Scenario 4: Aerospace / Automotive Engineer — $20–40/month

  • Claude Code ($20/mo) if primarily writing custom UDFs, APDL macros, and post-processing scripts for commercial solvers (ANSYS, STAR-CCM+, Abaqus)
  • Plus Cursor Pro ($20/mo) if working with large in-house solver codebases or extensive automation frameworks
  • Aerospace and automotive simulation engineers spend significant time scripting commercial tools rather than writing solvers from scratch. Claude Code handles UDF/APDL syntax and physics-aware scripting. For engineers at companies with large proprietary solver codebases, add Cursor for codebase navigation.

Scenario 5: Simulation Team Lead — $19–40/seat/month

  • Copilot Business ($19/seat/mo) or Cursor Business ($40/seat/mo) for team-wide codebase indexing and consistent coding patterns across the simulation group
  • Cursor Business indexes the team’s shared solver code, mesh generation scripts, post-processing pipelines, and V&V test suites, ensuring consistent patterns across developers with varying experience levels. Copilot Business provides organization-level controls and audit logging for regulated industries.
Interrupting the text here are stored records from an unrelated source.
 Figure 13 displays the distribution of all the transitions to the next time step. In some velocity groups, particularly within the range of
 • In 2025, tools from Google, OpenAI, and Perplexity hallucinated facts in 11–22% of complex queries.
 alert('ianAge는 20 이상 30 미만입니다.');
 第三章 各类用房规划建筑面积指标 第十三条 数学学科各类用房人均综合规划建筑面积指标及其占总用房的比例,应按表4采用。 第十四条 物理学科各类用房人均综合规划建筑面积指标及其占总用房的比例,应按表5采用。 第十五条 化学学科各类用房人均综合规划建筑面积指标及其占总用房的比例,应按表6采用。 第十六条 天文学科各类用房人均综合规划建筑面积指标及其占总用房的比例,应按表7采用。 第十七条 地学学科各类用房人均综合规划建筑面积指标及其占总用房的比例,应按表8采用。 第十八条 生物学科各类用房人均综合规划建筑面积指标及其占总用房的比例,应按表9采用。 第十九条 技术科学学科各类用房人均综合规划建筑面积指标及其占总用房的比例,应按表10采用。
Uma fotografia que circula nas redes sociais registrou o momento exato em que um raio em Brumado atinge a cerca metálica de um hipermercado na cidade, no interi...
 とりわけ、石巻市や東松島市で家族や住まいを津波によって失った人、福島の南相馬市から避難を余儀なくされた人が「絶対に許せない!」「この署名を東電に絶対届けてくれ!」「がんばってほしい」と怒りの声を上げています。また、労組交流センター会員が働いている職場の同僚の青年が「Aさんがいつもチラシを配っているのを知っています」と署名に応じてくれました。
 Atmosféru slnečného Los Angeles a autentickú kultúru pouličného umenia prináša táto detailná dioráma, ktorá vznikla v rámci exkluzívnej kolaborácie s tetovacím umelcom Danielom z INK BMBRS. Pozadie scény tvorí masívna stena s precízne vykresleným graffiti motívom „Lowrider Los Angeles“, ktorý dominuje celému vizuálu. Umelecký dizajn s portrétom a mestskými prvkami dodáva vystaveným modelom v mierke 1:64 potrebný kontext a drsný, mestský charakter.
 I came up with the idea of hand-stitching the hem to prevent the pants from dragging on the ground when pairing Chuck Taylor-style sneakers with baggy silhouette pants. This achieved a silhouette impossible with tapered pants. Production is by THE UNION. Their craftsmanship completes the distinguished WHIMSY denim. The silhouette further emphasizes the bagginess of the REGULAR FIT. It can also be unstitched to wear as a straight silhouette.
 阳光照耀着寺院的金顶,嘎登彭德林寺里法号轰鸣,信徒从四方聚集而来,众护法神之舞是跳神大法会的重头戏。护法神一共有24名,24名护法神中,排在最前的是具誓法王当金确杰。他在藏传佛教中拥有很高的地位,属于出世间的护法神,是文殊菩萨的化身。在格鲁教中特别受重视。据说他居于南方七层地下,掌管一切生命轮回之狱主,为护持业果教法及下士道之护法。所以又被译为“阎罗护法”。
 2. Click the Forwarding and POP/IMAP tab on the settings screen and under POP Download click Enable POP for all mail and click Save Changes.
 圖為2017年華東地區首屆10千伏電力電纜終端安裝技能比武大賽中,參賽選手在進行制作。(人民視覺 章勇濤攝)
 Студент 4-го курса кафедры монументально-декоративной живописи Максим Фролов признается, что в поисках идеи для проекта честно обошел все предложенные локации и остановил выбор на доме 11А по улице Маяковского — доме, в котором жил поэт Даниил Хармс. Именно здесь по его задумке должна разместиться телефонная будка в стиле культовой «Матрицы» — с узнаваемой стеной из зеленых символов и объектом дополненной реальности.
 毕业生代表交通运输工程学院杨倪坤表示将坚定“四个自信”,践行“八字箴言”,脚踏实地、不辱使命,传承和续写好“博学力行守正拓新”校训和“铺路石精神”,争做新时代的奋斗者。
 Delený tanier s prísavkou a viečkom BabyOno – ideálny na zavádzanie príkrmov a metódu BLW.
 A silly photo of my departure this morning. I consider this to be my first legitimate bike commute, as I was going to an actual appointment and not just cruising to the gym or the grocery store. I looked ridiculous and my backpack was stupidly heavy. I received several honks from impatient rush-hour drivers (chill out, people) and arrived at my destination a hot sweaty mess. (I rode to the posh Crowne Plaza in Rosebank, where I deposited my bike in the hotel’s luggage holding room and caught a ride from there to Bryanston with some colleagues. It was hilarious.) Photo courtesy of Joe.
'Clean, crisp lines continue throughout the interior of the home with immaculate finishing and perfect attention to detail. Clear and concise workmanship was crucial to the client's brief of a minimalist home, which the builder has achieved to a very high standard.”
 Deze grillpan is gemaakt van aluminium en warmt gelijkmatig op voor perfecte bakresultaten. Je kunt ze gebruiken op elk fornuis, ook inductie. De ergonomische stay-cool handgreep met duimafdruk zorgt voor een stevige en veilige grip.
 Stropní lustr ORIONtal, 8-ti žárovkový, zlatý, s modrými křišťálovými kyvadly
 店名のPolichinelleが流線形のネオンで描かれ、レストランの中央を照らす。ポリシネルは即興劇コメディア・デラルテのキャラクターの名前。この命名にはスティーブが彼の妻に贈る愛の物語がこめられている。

Scenario 6: Enterprise / National Lab — $39–99/seat/month

  • Copilot Enterprise ($39/seat/mo) or Cursor Enterprise for organization-wide solver codebase indexing with compliance controls
  • Plus Claude Code ($20/seat/mo) for specialized numerical analysis, algorithm review, and V&V methodology consulting
  • National laboratories and defense contractors have multi-million-line solver codebases in C++/Fortran with decades of development history. Enterprise tiers index this entire codebase, enforce coding standards, and provide audit trails required for nuclear/aerospace certification. Tabnine ($39/user/mo) offers self-hosted deployment for air-gapped environments handling export-controlled simulation codes (ITAR/EAR).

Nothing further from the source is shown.